Стыд
Шрифт:
— Озолотились парни, — уважительно проговорил бурмастер Лыткин.
— Не думаю, — сказал старик. — Они же пешки, передатчики.
— А кто тогда? — воскликнул Лыткин.
— У журналиста вон спроси…
— А я при чем? — обиделся Лузгин. — Я в жизни ни одной акции в руках не держал. Даже не знаю, как они выглядят.
— Степаныч знает, — сказал Лыткин, и все замолчали.
— Насчет парней, — нарушил тишину Лузгин. — Их, полагаю, тоже не обидели. Как говорил мой друг: грузить руками черную икру, да чтобы к пальцам не прилипло!..
— Друга твоего зовут Ломакин?
Вот же старая сволочь, подумал Лузгин. Я его выручаю, перевожу разговор с опасной темы на нейтральную, а он еще и шпильки мне втыкает в задницу в порядке благодарности. Хорош, ничего не скажешь. Но, если думать непредвзято, только с таким характером и можно выбиться наверх — запрыгивать на плечи каждому, кто тебе протягивает руку.
— Нет,
— Не хами, — сказал ему старик, — и зря не обижайся. А ты не наливай по полной, я тебя русским языком просил, не помнишь?
— Так отхлебни! — с душою предложил Кузьмич. — Отхлебни, сколько надо, да оставь.
— Я так не люблю. Невкусно, и я не привык.

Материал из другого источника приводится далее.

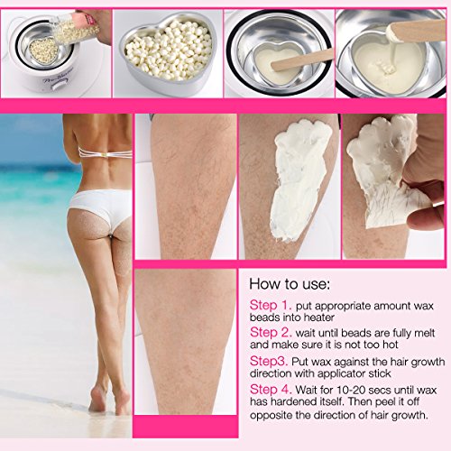 How to use:1. Pour beads into our HoBeauty wax warmer. Within 20 minutes, wax should be warm and creamy like yogurt.(To have a better hair removal, please KEEP MELTED WAX TEMPERATURE ABOUT 42?C/107?F. If the temperature of melted wax is lower than 42?C/107?F, it can NOT remove hair. ) 2. Test temperature of wax on the inside of your wrist with spatula. 3. Prepare the area to be waxed with lotion, or wash the area of skin to waxed with 104℉ water. Massage one drop of pre depilatory oil. Blot with tissue to remove excess oil from skin. 4. Using a wooden disposable wax applicator stick, take a quarter sized amount of wax, smooth the underside of the spatula against the tin, turn spatula evenly for several rotations to less dripping. 5. Deposit wax onto skin using edge of spatula and spread. APPLY PRESSURE IN THE DIRECTON OF HAIR GROWHT. The narrow section of wax should be applied thinly and evenly with an edge around the perimeter for easy wax removal. 6. Lift the ridge and remove the wax parallel and close to the skin in the OPPSITE DIRECTION OF HAIR GROWTH . Be sure to allow time to let wax set before removal 7. Apply perron rigot after wax gel and/or moisturizing lotion for a cooling, soothing, and hydrating finish. Warnings: 1.Put the wax against the hair growht direction.? 2. Pre/Po-wax put some oil or lotion over skin ? 3? Smell: when wax is melting, natural resin smell will come out, not quality problem at all? 4.Some wax beads will stick to each other because of heat, which won't affect proper function. 5.This product is uneatable. Keep it away from children 6.stored at cool, dry and ventilated place?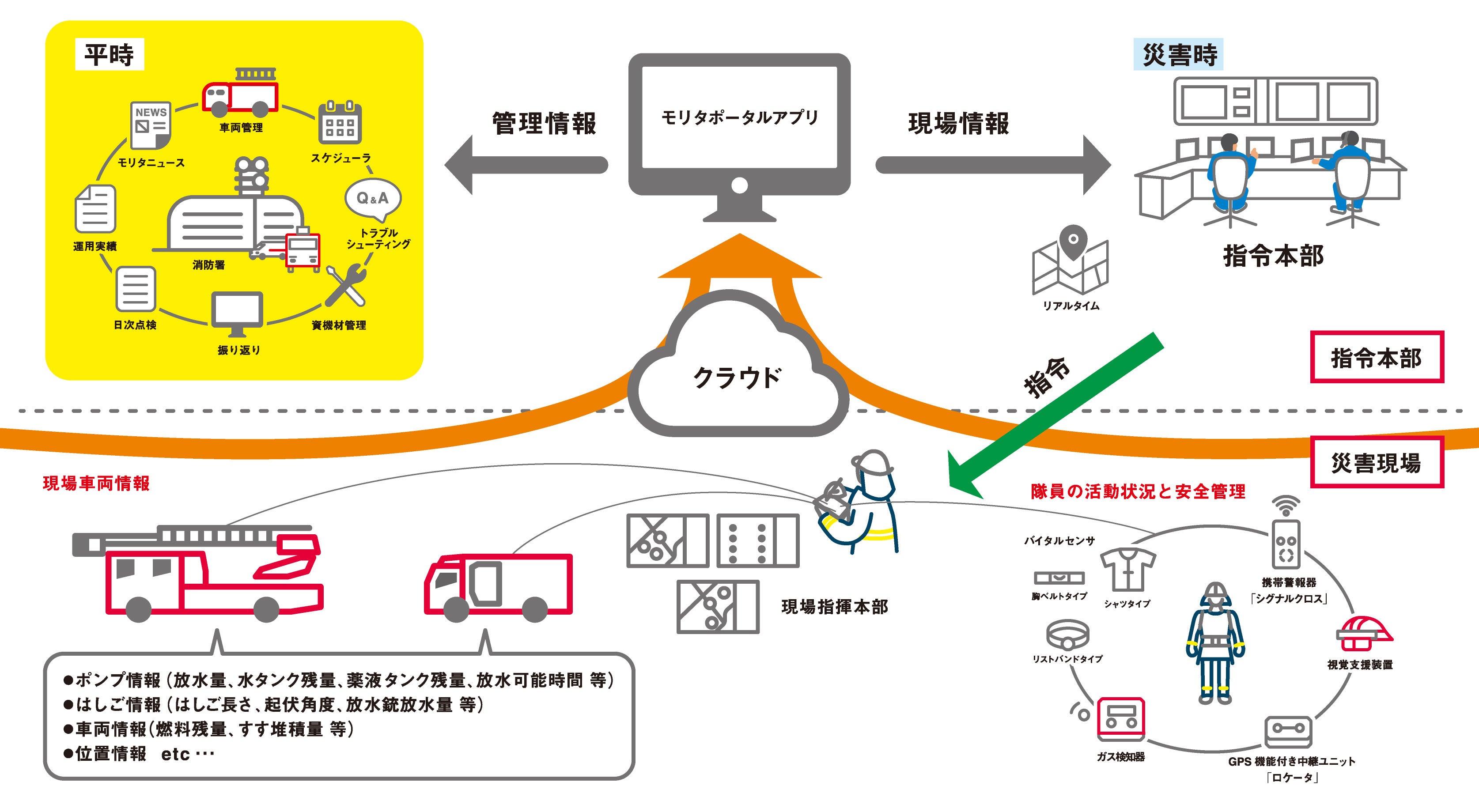 災害現場の実態や隊員のおかれた環境、コンディション、また消防車両をはじめとする機材の情報をリアルタイムで捉え、指揮本部・指令本部に提供し、安全性と消防力の向上に貢献します。また、平時にはポータルアプリで、消防車両の運用状況の確認やメンテナンス情報の管理など、煩雑な管理業務をサポートします。

— Ну ты барин, Иван!.. — восхитился Кузьмич, нетвердо поднял рюмку старика и отплеснул в чайный стакан на донышко. — На, барин, так нормально? А ты, писатель…
— Я не писатель. — Лузгина неприятно царапала эта, внешне уважительная, кличка еще и потому, что так к нему на юге обращались моджахеды.
— Объясни-ка нам, — и глазом не моргнув, продолжил Кузьмич Прохоров, хрумкая лимонной коркой, — вообще в приватизации была идея, или просто все расхапать захотелось?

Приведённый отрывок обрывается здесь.